Speziell im letzten Jahrhundert begann dieser kreative Kampf, in dem einzelne Künstler das alte, kollektive Leid zu wandeln suchten und im Schaffen ihre Erlösung fanden: Schriftsteller, Bildhauer, Maler.
Dieser Schaffensprozess hält bis heute an und die Insel befreit sich: War Kunst bis ins Novecento (19. Jh.) noch düster und verarbeitete Themen wie harte Landarbeit, Armut und Unterdrückung, hat sich in den letzten Jahrzehnten eine zwar immer noch nachdenkliche, aber auch fröhliche und bunte Kunstszene entwickelt.
Einige der folgenden Stationen haben eine leichte Tendenz zum traditionellen Kunsthandwerk – das ist für mich aber kein Widerspruch, denn auf Sardinien wird so ziemlich alles aus dem Alten geboren, alles aus dem Handwerk, die Inspiration für das Morgen wird wird im Gestern gesucht.
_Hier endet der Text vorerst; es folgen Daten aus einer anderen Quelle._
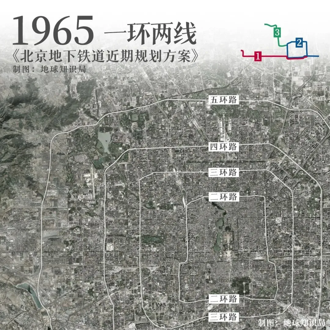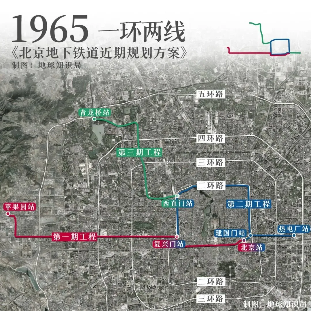 在1965版地下铁道近期规划方案中,第一期和第二期工程可以看作是现在北京地铁1号线和2号线的雏形。从“西直门站”到“青龙桥站”(又称西颐线)的三期工程部分线路可以看作是3号线最初的雏形,但随着轨道交通规划发展,西颐线的线路走向更像是现在的北京地铁4号线。
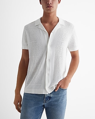 This button through sweater polo features a patchwork pointelle pattern for subtle visual interest. Complete with a trendy camp collar, this sweater is the perfect choice for nights out or days spent around town. Pair with jeans or chinos to complete the look.
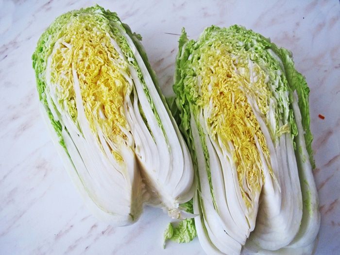 Пекинскую капусту разрезать на четвертинки вдоль, удалить "кочерыжки" и особенно твердые части листьев.

Wenn du dich für die Kunst auf Sardinien interessierst, kommst du an Nuoro nicht vorbei: Poeten, Literaten, Musiker, Künstler und Kulturschaffende fühlten sich hier immer wohl. Dichter und Denker fanden Kontakt zu einer Welt außerhalb der Insel, dem einfachen Volk im Inselinneren erweiterte Nuoro den Horizont. Mach bei schönem Wetter einen Stadtspaziergang und dir wird sicher nicht langweilig. Diese Orte sind besonders erwähnenswert:
Das MAN versteht sich als der Motor der Insel für moderne Kunst. Hier verbindet man lokale und regionale Kunst mit dem internationalen Geschehen. Auf drei Stockwerken zeigen die Kuratoren immer wieder bekannte Künstler wie Giacometti oder Paul Klee, häufig in den Wintermonaten. Das Museum beherbergt rund 500 Arbeiten sardischer Künstler, Grafiker und Bildhauer, die platzbedingt nur in wechselnden Ausstellungen präsentiert werden können.
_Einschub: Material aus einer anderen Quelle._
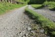 At sharp right just after a barn, carrying up hill on the main track. Field is just past a second barn
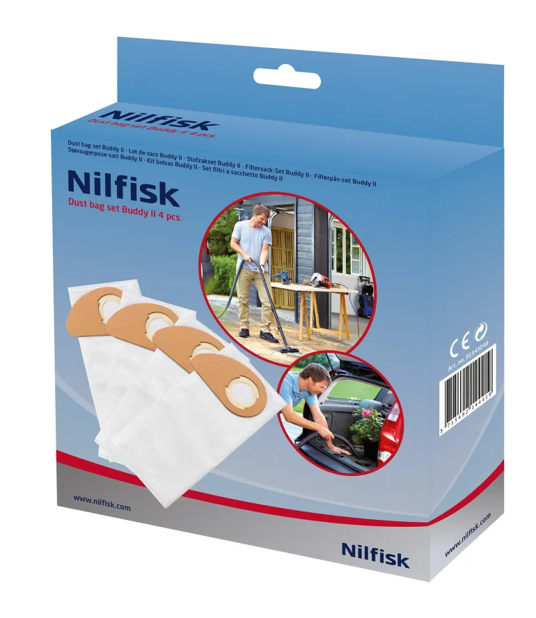 Nilfisk 81943048 suodatinpussi, joka sopii kaikkiin Nilfisk Buddy-pölynimureihin. Toimitetaan 4-pakkauksessa.

2019 mit viel Ambition und Geschmack in einem alten Stadt-Palazzo neu eröffnet widmet sich der Spazio Ilisso der sardischen Kunst und Bildhauerei des 20. Jahrhunderts. Der erste Stock wird für temporäre Ausstellungen genutzt – eingeweiht wurde der Spazio mit einer Ausstellung der Werke Marianne Sin-Pfälzer (1926-2015), einer deutschen, nach Nuoro ausgewanderten Fotografin.
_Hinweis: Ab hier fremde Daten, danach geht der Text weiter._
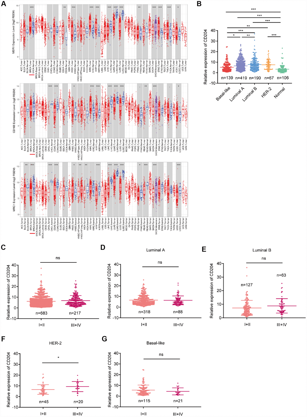 CD68, a pan-macrophage marker, is most extensively used to detect TAMs; however, the expression of CD68 in cancer and stromal cells was found. Therefore, the use of this marker to identify TAMs necessitates carefully evaluation [23]. Recently, CD163, CD204 (MSR1), and CD206 (MRC1) have been used to detect TAMs in mouse models [22]. To determine how these markers are expressed in tumors in comparison with normal tissue, the mRNA levels were analyzed using TCGA database. Compared with normal tissue, only CD204 was to be upregulated in breast cancer tissue (Figure 1A), suggesting its important role. Thus, we selected CD204 for further investigation. Different CD204 expression conditions among subtypes were also identified (Figure 1B). However, we did not find any differences in the CD204 expression levels among samples obtained from patients with clinical stage I-II and III-IV breast cancer (Figure 1C). We further analyzed the CD204 expression levels in each subtype at different clinical stages. Only in the HER-2-enriched subtype, CD204 expression was higher in stage III-IV than in stage I-II (Figure 1D–1G), further suggesting the diverse roles of CD204 in different breast cancer subtypes.

Und manchmal, sonntags, wenn man ganz viel Glück hat, dann gibt es im Spazio Ilisso auch eine kleine Überraschung, wie den Auftritt des Männerchores Grazia Deledda aus Nuoro:
Und dann geht’s raus, auf einen kleinen Rundgang durch die Stadt.
Der ruhige, entspannte Platz unweit des MAN ist dem Dichtersohn der Stadt gewidmet und wurde vom Künstler Costantino Nivola aus Orani (siehe weiter unten) gestaltet. Große Granitsteine, darin kleine Skulpturen, am Rande ein unaufgeregtes Straßencafé. So lässt es sich leben.
35 Künstler verwandelten 120 Meter Betonwand an der Haltestelle der Überlandbusse in eine Galerie mit Murales / Wandmalereien zu Ehren des nuoresischen Poeten und Politikers Angelo Caria.
1926 erhielt die Schriftstellerin Grazia Deledda den Literaturnobelpreis, als erste und einzige Frau Italiens »für ihre von Idealismus inspirierten Werke«. Das Museum in ihrem Geburtshaus (in der Via Grazia Deledda) gibt Einblick in ihr Schaffen und das frühere Leben der Menschen in Nuoro.
Im etnografischen Museum in Nuoro wird die Nähe der Kunst zum traditionellen Kunsthandwerk auf Sardinien deutlich. Das nimmt zuweilen tolle kreative, künstlerische Formen an. Audioguides sind vorhanden. Plane ruhig ein bisschen Zeit ein, es gibt viele erstaunliche Dinge zu entdecken – von kunstvollem Brot bis zur Teppichkunst.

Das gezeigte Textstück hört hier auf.